The Railway Mutton Curry is a signature dish. “Many Anglo-Indians worked as pilots and guards on trains in colonial times. The meat was cooked with extra spices and vinegar so that it would last longer as they spent long hours on the line and hence the name Railway Curry”, explained Kumar. Cutlets and croquettes are also popular.
Many of the names of Anglo-Indian dishes have an interesting history. The name Bad Word Curry was born since some of traditionalists refused to use the word ‘Ball’ in Ball Curry! A dish with lady’s finger is called Bandecoy, derived from the Kannada and Telugu words for Lady’s Finger: Bendekai. The famed Mulligatawny Soup derives its name from the Tamil term Milagu Thanni.
We were also served Devil’s Chutney that looked bright red and fiery but was in fact sweet, tangy and only mildly hot. Devil’s Chutney is made by puréeing raisins along with vinegar and chilli.

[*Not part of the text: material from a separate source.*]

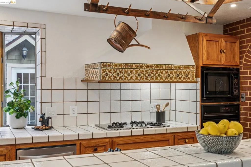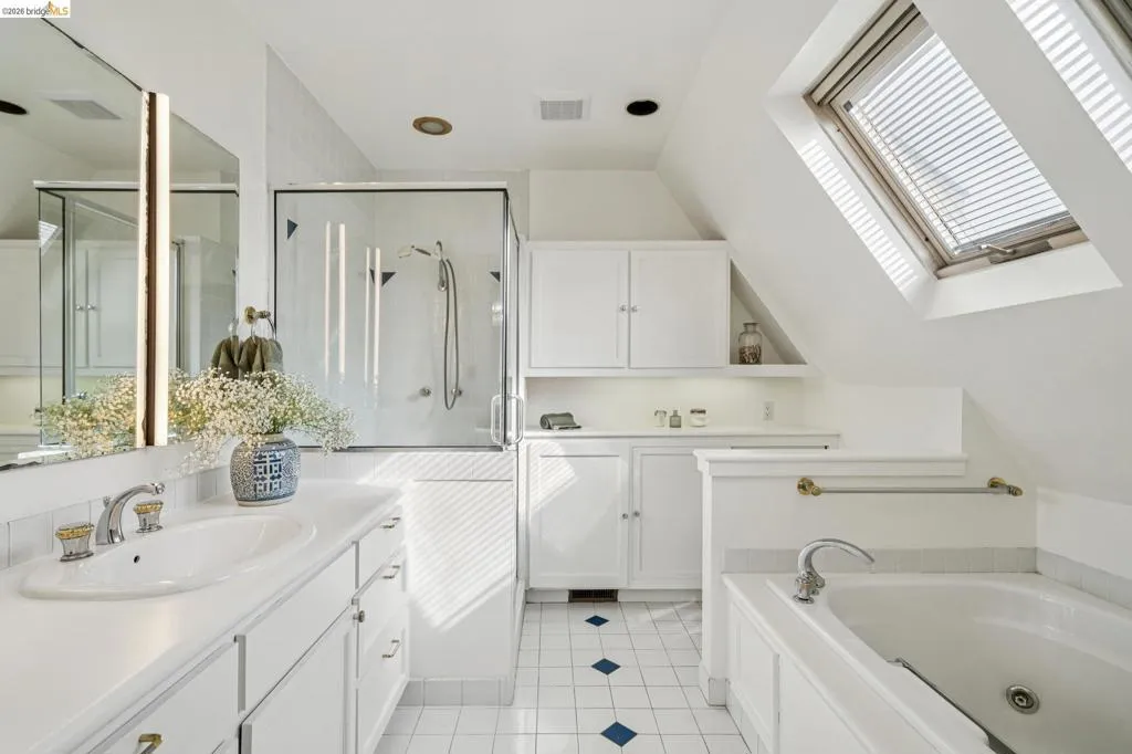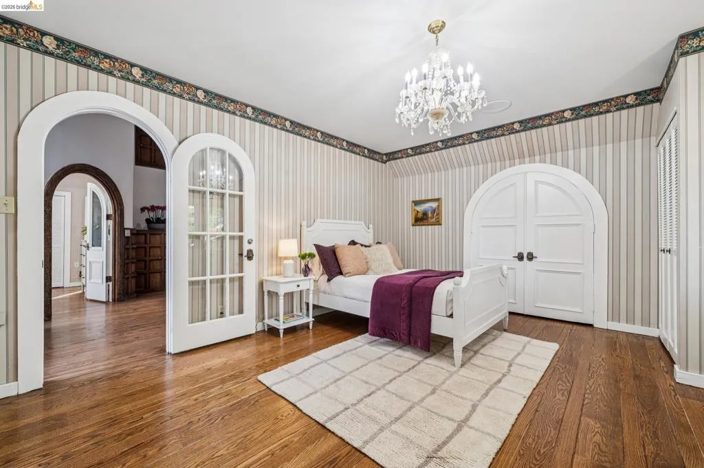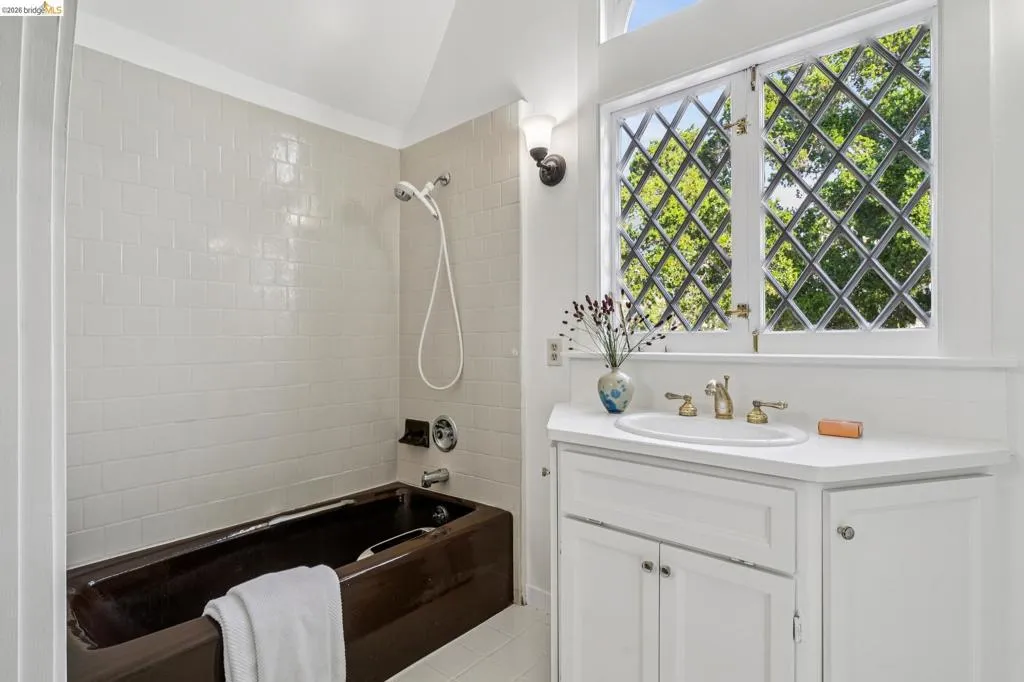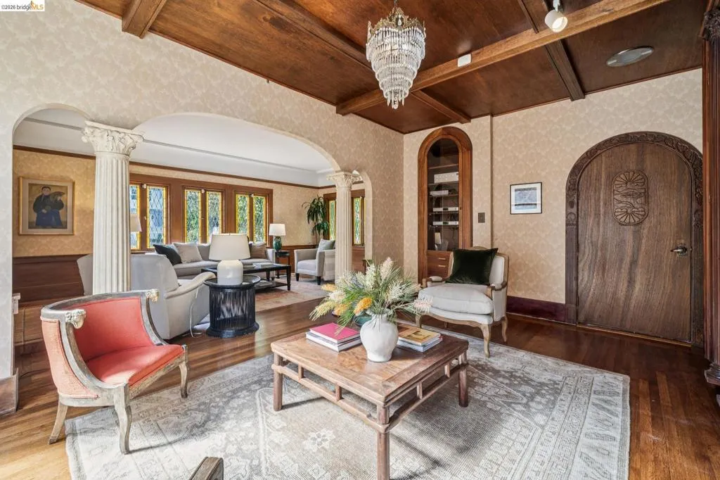 There are times when a property exudes so much character and charm that you are compelled to explore it. This is one such home and it truly delights the senses. Welcome to 824 Paru Street, an enchanting 1910 Storybook home in Alameda’s coveted Gold Coast—just one block to the lagoon and Franklin Park/Franklin Elementary. Behind a brick garden wall and gated entry, this whimsical 3,523 SqFt home showcases steep gables, sweeping curved rooflines, arched doorways, stained glass, and classic English cottage charm—a rare and beautifully preserved example of early 20th century design. Inside, the living room is a true centerpiece with rich wood paneling, leaded glass windows, and a striking fireplace with custom millwork, while classical wainscoting lines the halls leading to a dramatic second-floor landing beneath the steep roofline. Upstairs, new red oak floors complement three primary bedrooms, each with an ensuite bath (2.5 total), while original white oak floors in the living and dining rooms have been thoughtfully restored. The backyard patio invites quiet moments under a wisteria-draped gazebo. Public record notes five bedrooms; the lower level lives as a spacious family room with copper fireplace and a refined library or office with adjacent full bath. This home is truly a gem!

The final plate that arrived was a light and buttery Bread Pudding with a generous topping of shaved almonds and roasted raisins. It was among one of the best bread puddings I have ever tasted.
The afternoon ended with Kumar signing my copy of her international award-winning cookbook, Anglo-Indian Cuisine: A legacy of flavours from the past.